SU VP’s book on Visayas’ maritime history gets published by NHCP
Dr. Earl Jude Paul L. Cleope, Silliman University (SU) vice president for academic affairs, tells the history of the Visayas using the maritime perspective in his book, “The Visayas, Islands in the Sea: A History,” which has recently been published by the National Historical Commission of the Philippines (NHCP).
The NHCP informed Cleope last September 3, 2023 that copies of his book have been printed and will be for sale, priced at P250 per copy, at the NHCP booth at the Manila International Book Fair from September 14-17, 2023 at SMX Convention Convention Center.
Dr. Emmanuel Franco Calairo, NHCP chair, congratulated Cleope on his book and said, “Dr. Cleope’s book emphasized maritime history, tracing the interactions of people and their activity at sea, and connecting the history of the different islands in the Visayas.”
Role of the sea
“This study of history is framed on the role of the sea in the historical development of the Visayas region,” said Cleope, who is also a commissioner of the NHCP.
In the introduction of his book, Cleope said he spent 15 years examining the role of the bodies of water surrounding the Visayas islands as “part of the historical discourse.” With this focus on the seas and maritime activities of people in the Visayas, the book describes the history of the Visayas islands as major historical events in Philippine history unfold.
“This book dealt with voluminous materials dealing with Visayan local history that was synthesized to provide a history of the region with the ultimate goal of contributing to constructing a complete history of the nation,” wrote Cleope.
Cleope also said the book emphasizes the maritime parts of the Visayas that shaped the region’s identity and cultural heritage and attempts to “fill in the first gaps” needed to develop the region’s history.
Regional history
Cleope said in his book that he aimed to offer a “new framework” for writing a “total, national history” that develops the entire history of a region using a multi-interdisciplinary approach. This “new historicist perspective,” he said, was used to explain the history of the Visayas because he “feels that regional history must be developed first” before the drafting of a national history.
Dr. Bernardita Reyes Churchill, Philippine National Historical Society (PNHS) president who wrote the foreword for Cleope’s book, said the book “blazed a trail in local/regional history.”
“The ultimate goal of [the book] was to synthesize the history of the Visayas, collating the various historical studies thus far, constructing a regional history of the Visayas that would find resonance in the historiography of the other regions in the Philippines,” wrote Churchill.
Churchill also said the book “maintains that the Visayas cannot be studied in complete isolation and must be set in the context of national history,” which shares the same goal of PNHS as the oldest professional organization of historians and practitioners of history in the Philippines.

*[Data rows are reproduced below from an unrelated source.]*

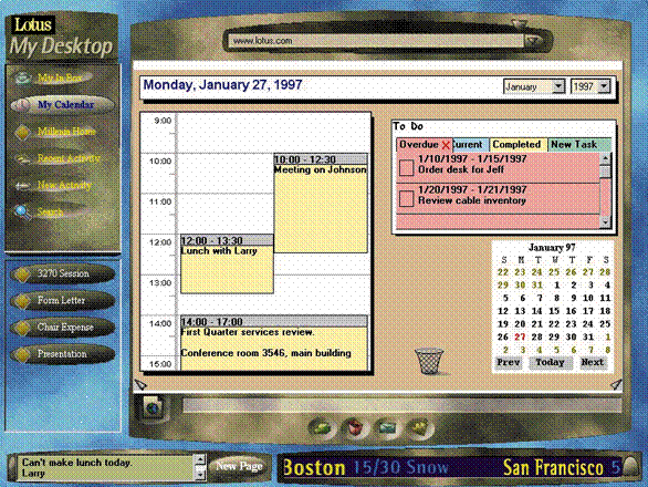 По словам Кэри Александр, главного менеджера по вопросам NC Desktop в корпорации Lotus (Кеймбридж, шт. Массачусетс), этот ГИП (графический интерфейс пользователя) будет включать набор функций, похожий на таковой в Internet Explorer корпорации Microsoft и в браузере Navigator корпорации Netscape Communications, однако рассчитан он исключительно на СК. Среди функций - просмотр Web, управление файлами, электронная почта, доступ к корпоративным данным и функциям личной информационной системы (ЛИС). Для его установки требуется 1Мб памяти.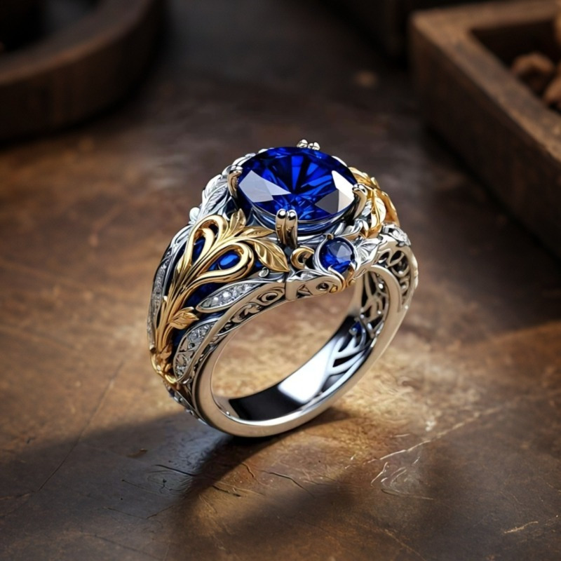 925 sterling Silvery two tone ring set with Synthetic Sapphire, vintage style jewelry, domineering Men’s and Women’s rings, suitable for daily wear and party/ birthday/ anniversary Christmas gifts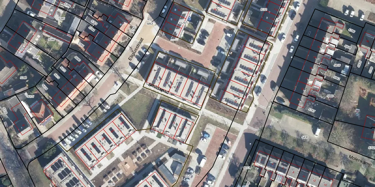 Het perceel waarop Smildapad 7 staat heeft een oppervlakte van 693 m². Dit is een groot perceel. De perceeloppervlakte wordt geregistreerd door het Kadaster. Gedetailleerde informatie over de maten van dit perceel kunt u vinden in het rapport Kadastrale kaart met maatvoering van Smildapad 7.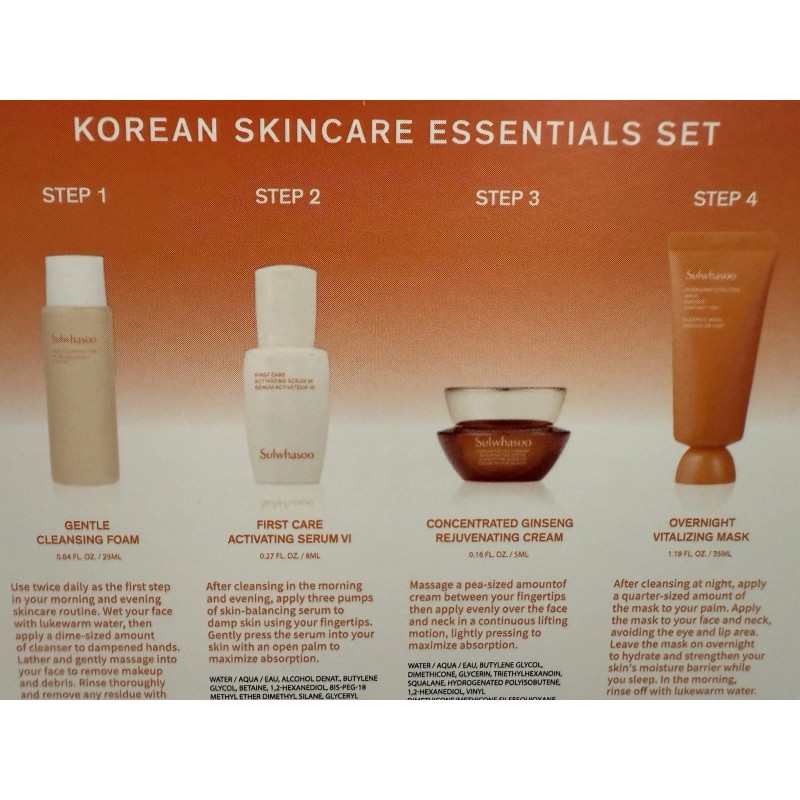 SULWHASOO Korean Skincare Essentials 4 Pc Set, Cleanser+Serum
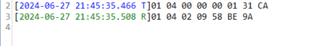 举例,我们发送一条指令:01 04 00 00 00 01 31 CA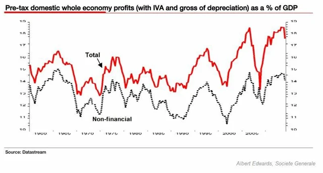 Známý medvěd Albert Edwards ze Société Générale přitom varuje, že ziskové marže (zisky v ekonomice v poměru k HDP) právě začaly klesat, což považuje za důkaz toho, že jejich současná výše udržitelná není. "Investoři si při zveřejnění revize růstu amerického HDP v 1Q2014 opomněli všimnout jednoho čísla. Jde o 10% meziroční pokles v kolonce zisků v ekonomice. Vysvětlením je to, že ziskové marže začaly klesat a vstoupily do poklesové fáze cyklu," říká Edwards.

“There is a whole history of the Visayas—land and people—awaiting the attention of historians and other social scientists,” she said.
Multi-interdisciplinary approach
In the foreword, Churchill said Cleope used a multi-interdisciplinary technique to “illustrate parallelisms, similarities, and differences in the historical and cultural development among the Visayan islands.”

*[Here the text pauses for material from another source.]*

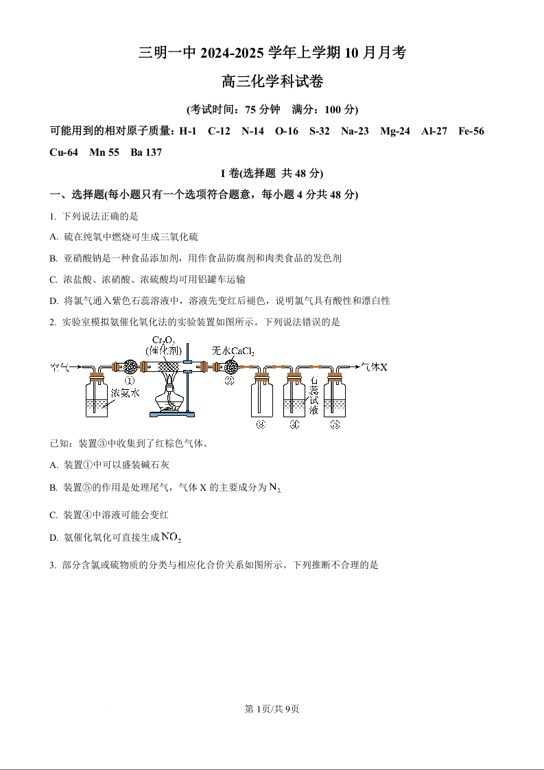 福建省三明第一中学2025届高三上学期10月月考+化学

Churchill noted how Cleope used “voluminous materials” on Visayan regional/local history to write the book, including texts and discourses of archival and published records, first-hand knowledge from folklore and oral traditions, etymologies, literary and linguistic studies, travel accounts, and oral history.

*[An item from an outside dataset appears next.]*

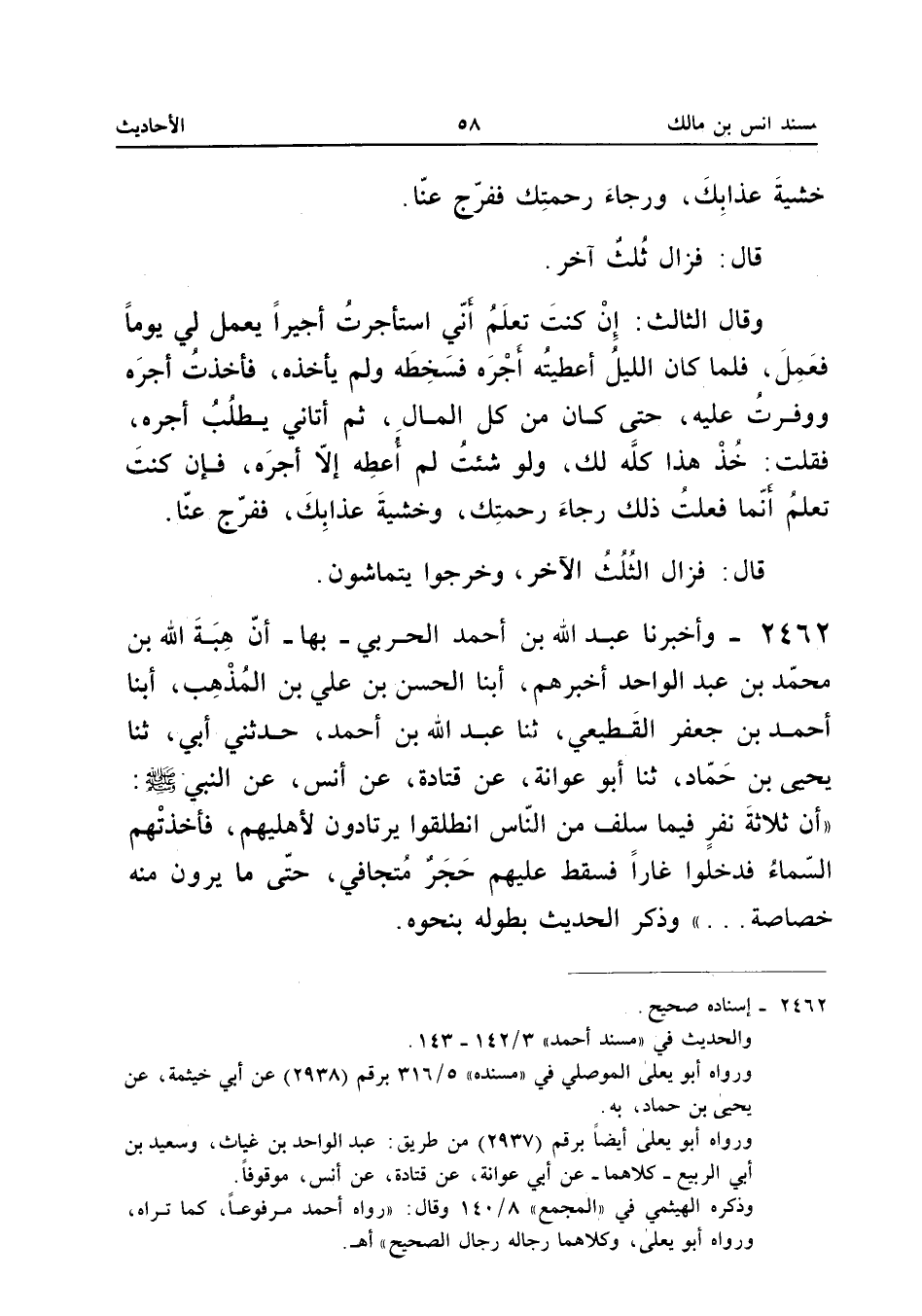 2462 - وَأَخْبَرَنَا عَبْدُ اللَّهِ بْنُ أَحْمَدَ الْحَرْبِيُّ بِهَا أَنَّ هِبَةَ اللَّهِ بْنَ مُحَمَّدِ بْنِ عَبْدِ الْوَاحِدِ أَخْبَرَهُمْ أبنا الْحَسَنُ بْنُ عَلِيِّ بْنِ الْمُذْهِبِ أبنا أَحْمَدُ بْنُ جَعْفَرٍ الْقَطِيعِيُّ ثَنَا عَبْدُ اللَّهِ بْنُ أَحْمَدَ حَدَّثَنِي أَبِي ثَنَا يَحْيَى بْنُ حَمَّادٍ ثَنَا أَبُو عَوَانَةَ عَنْ قَتَادَةَ عَنْ أَنَسٍ عَنِ النَّبِيِّ صَلَّى اللَّهُ عَلَيْهِ وَسَلَّمَ أَنَّ ثَلاثَةَ نَفَرٍ فِيمَا سَلَفَ مِنَ النَّاسِ انْطَلَقُوا يَرْتَادُونَ لأَهْلِيهِمْ فَأَخَذَتْهُمُ السَّمَاءُ فَدَخَلُوا غارا فَسقط عَلَيْهِم حجر متجافي حَتَّى مَا يَرَوْنَ مِنْهُ خَصَاصَةً وَذَكَرَ الْحَدِيثَ بِطُولِهِ بِنَحْوِهِ

“This has almost been a lifetime work that the author has dedicated to Visayan historiography,” she added.
Moreover, Cleope said in the book’s foreword that the book is a collection of his research papers which he has presented at national conferences of the PNHS. The book’s first chapter on the maritime history of the Visayas is from a paper he presented in 2002.
Other chapters in the book are about the following topics: the Visayan Islands before the arrival of Europeans; early revolts and reactions to Spanish colonization; Visayan maritime raiding; Visayan-Tagalog tension in the Philippine Revolution; Japanese occupation in the Visayas; the non-combatants in the Visayas Islands, in the areas that were labeled by the Japanese as “Bandit Zones”; and the historical evolution of Visayan ports.